Clarification: one of Myspace's notorious features was the ranked friends list. I admit that it would unsettle me (or worse) to see someone I thought of as my best friend ranking me below others upon whom he relied less than he did me; but anyway, one of the reasons I gravitated towards Facebook "in the end" was the absence of such rankings. To boot, I appreciated that they had a Like function but nothing, at the time, in the way of Dislikes, and it has unsettled me all over again, although now indirectly, that Facebook shifted to having the ambivalent Laugh and Anger reactions available for posts. I have even wondered how much that change coincided with the seeming degeneration of Internet discourse, whether it was an effect or cause of this degeneration (probably both, but then to what extent either way?).
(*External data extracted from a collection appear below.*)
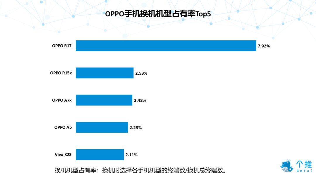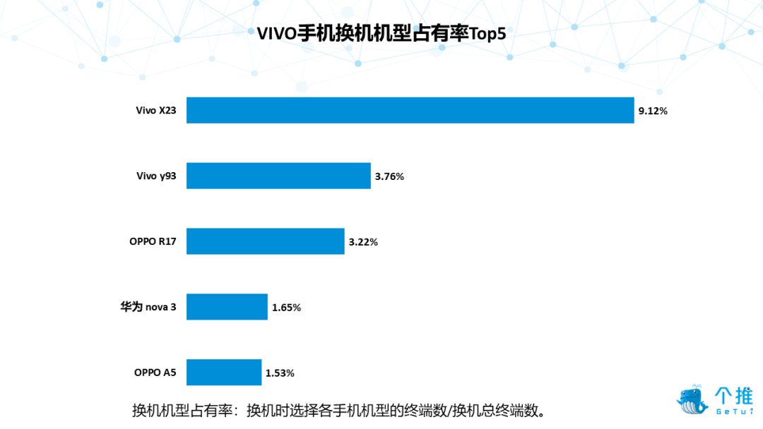 - 手机品牌上,用户换机时更倾向于选择原手机品牌,手机机型上,Vivo X23和OPPO R17是用户换机时选择的热门机型;
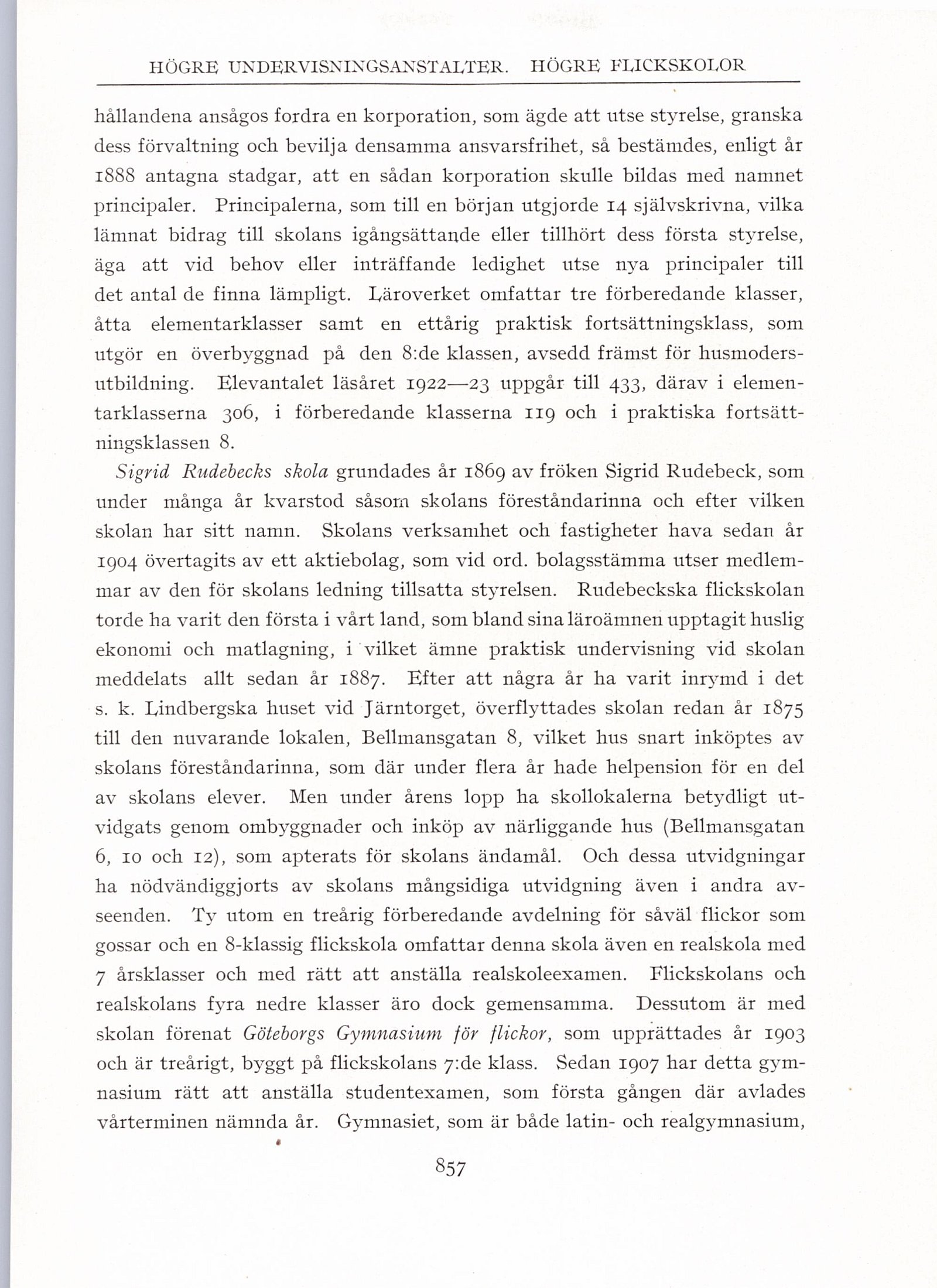 Sigrid Rudebecks skola grundades år 1869 av fröken Sigrid Rudebeck, som
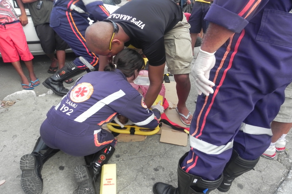 | Vítima em estado de choque foi imobilizada e atendida pelo Samu (Foto: Portal Infonet) |
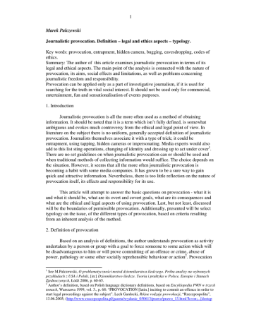 1 Marek Palczewski Journalistic provocation. Definition
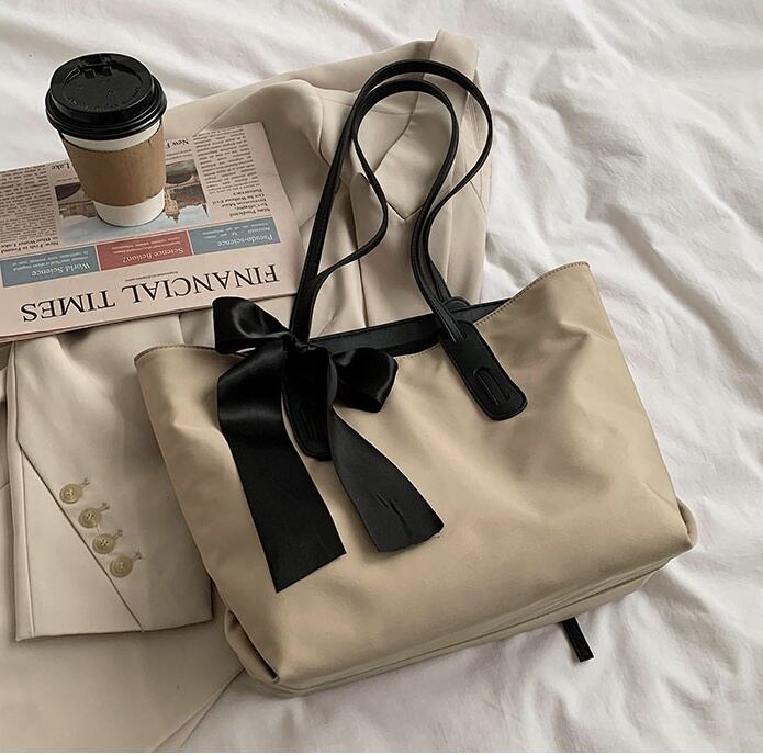 トートバッグ レディース ハイエンド 大容量 バッグ 肩掛けバッグ 肩掛け ハンドバッグ ポータブル かわいい レジャー ソフト カバン オシャレ プレーン お出かけ デイリー シンプル 旅行 買い物 ショッピング カジュアル 大人カジュアル 個性 通勤 通学 大きいサイズ 学生 ミディアム リボン ブラック 黒 ベージュ
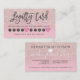 Elegant light rose gold glitter sparkles candy pink script makeup hair pink heart loyalty card with modern hand lettering style brush typography on white , a simple, professional and minimalist card. offer 10 treatments and discount to your customers.
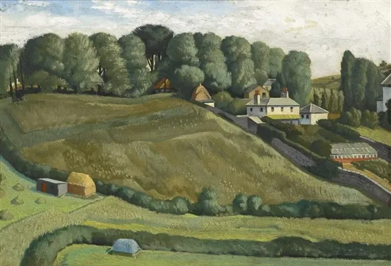 Barcos, edificios del sur de inglaterra, playas, agua, el estuario. Pero al poco recorrer sus pinturas te encuentras con figuras humanas y paisajes un poco peculiares, seguramente producto del consejo que le diera Wood años atrás:
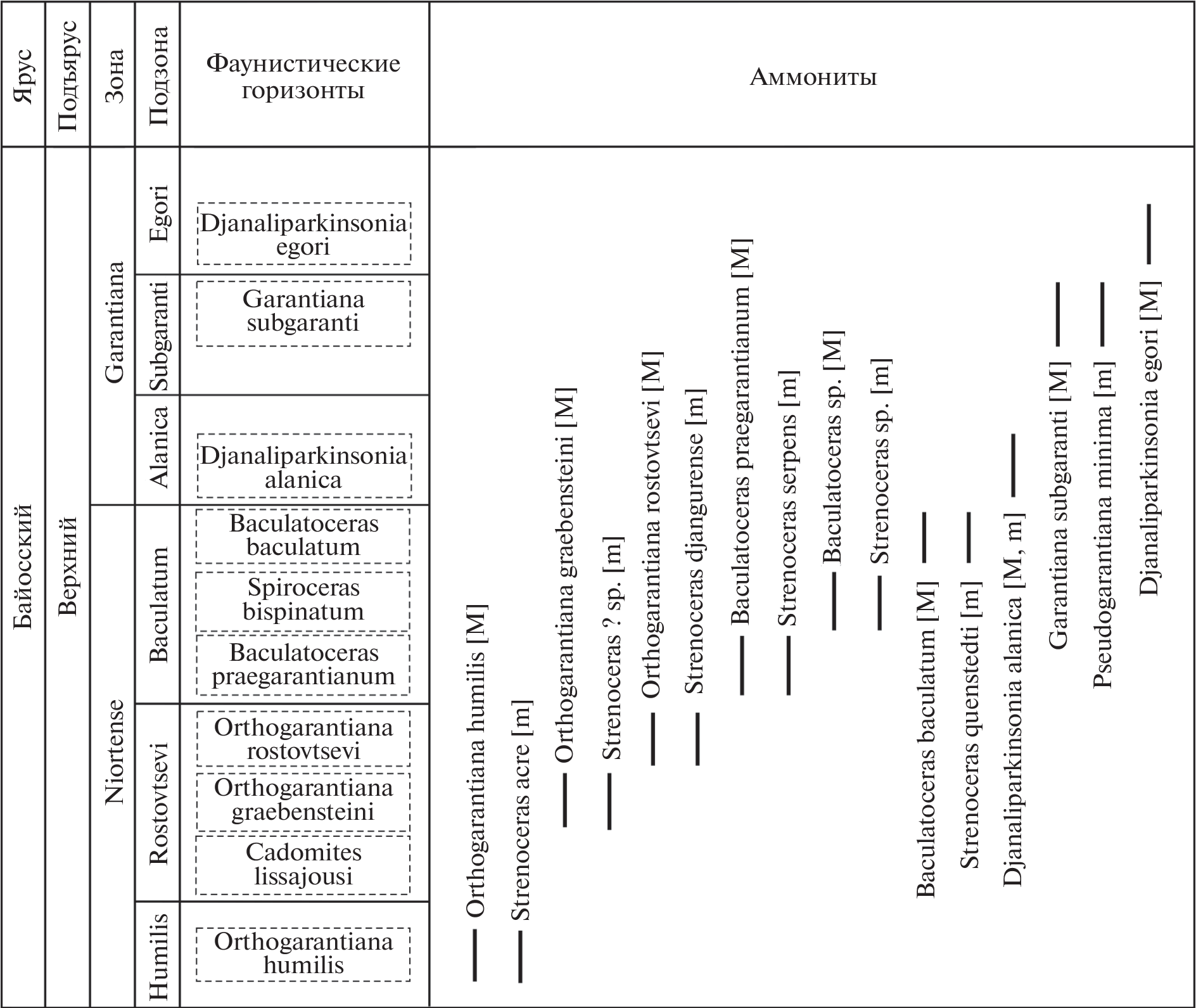 New finds of ammonites in the Upper Bajocian Garantiana garantiana Zone in the interfluve of the Kuban and Urup rivers (Karachay-Cherkessia) allow their definitions and the rank of infrazonal subdivisions to be clarified. Djanaliparkinsonia egori sp. nov. from the upper part of the Garantiana zone is described. The zone is three subzones (from bottom to top): Alanica, Subgaranti, and Egori; each subzone contains a faunal horizon of the same name. The data on systematic composition and stratigraphic distribution of species of the subfamily Garanianinae in the Upper Bajocian of the Kuban River basin are summarized, and index-species of the subzones (and faunal horizons) of the Garantiana Zone are illustrated.
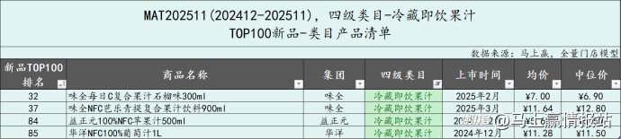 即飲果汁類(lèi)目是MAT2511時(shí)間段中,TOP新品最多的類(lèi)目,合計(jì)達(dá)到了30款,其中冷藏即飲果汁4款,非冷藏即飲果汁26款,我們分開(kāi)來(lái)看。
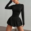 Мини-платье бодикон с длинными рукавами и плиссированными плечами — купить товар онлайн с бесплатной доставкой по всему миру!
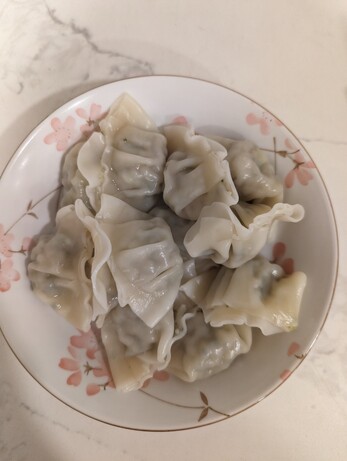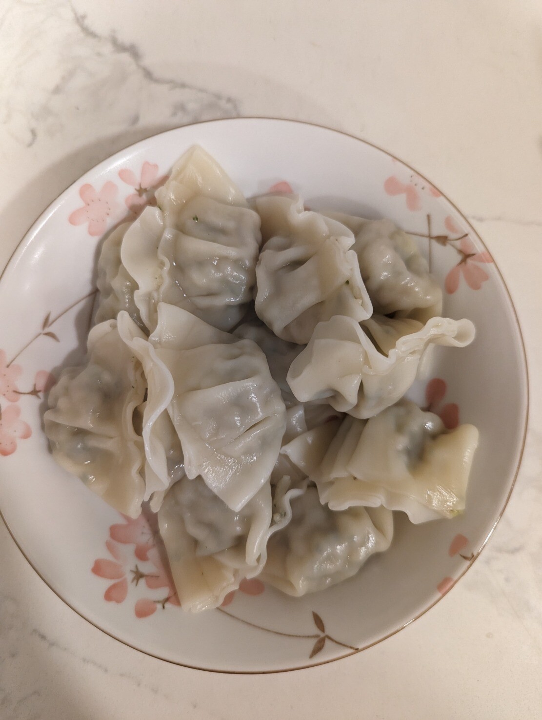 煮熟后:颜色倒确实是馄饨的颜色但是这个形状...真的不是水饺吗?

So the impact of social media on dopamine processes plays into my unsettlement overall. I surprised myself today to see that my upvote/downvote ratio here on the SE is roughly 1000-to-40; but then I know that I am wary of casting downvotes, not only due to the risk of a minor loss of my own score, but also because my mirror neurons are so entangled with my Internet sense that the thought of downvoting someone else makes me feel the kind of negative dopamine rush that they might feel were I to actually cast a downvote, and so it's hard for me to agree to express that kind of hostility online. (I'm slightly less ill-disposed towards Reddit downvoting, simply because of how easy it is to get a massive score there and anyway the score fluctuations are much closer to continuous than discrete in appearance; even so, I admit as well that any downvotes that I receive on Reddit weigh on me, regardless of whether I know they came from trolls or not.) Supposing that there is some kind of ethical responsibility involved in being able to influence other people's dopamine systems as such, then is the "weirdness" of downvoting, modulo the democratic ideal that theoretically allows for it, a function of the awkwardness some of us feel when it comes to such an influence? To my knowledge, one of the lawsuit situations Facebook faces (or could soon face) has to do with teenagers who have suffered various psychological/emotional damages in connection with social media usage. Is that danger(?) where my intuition of "moral weirdness" is coming from?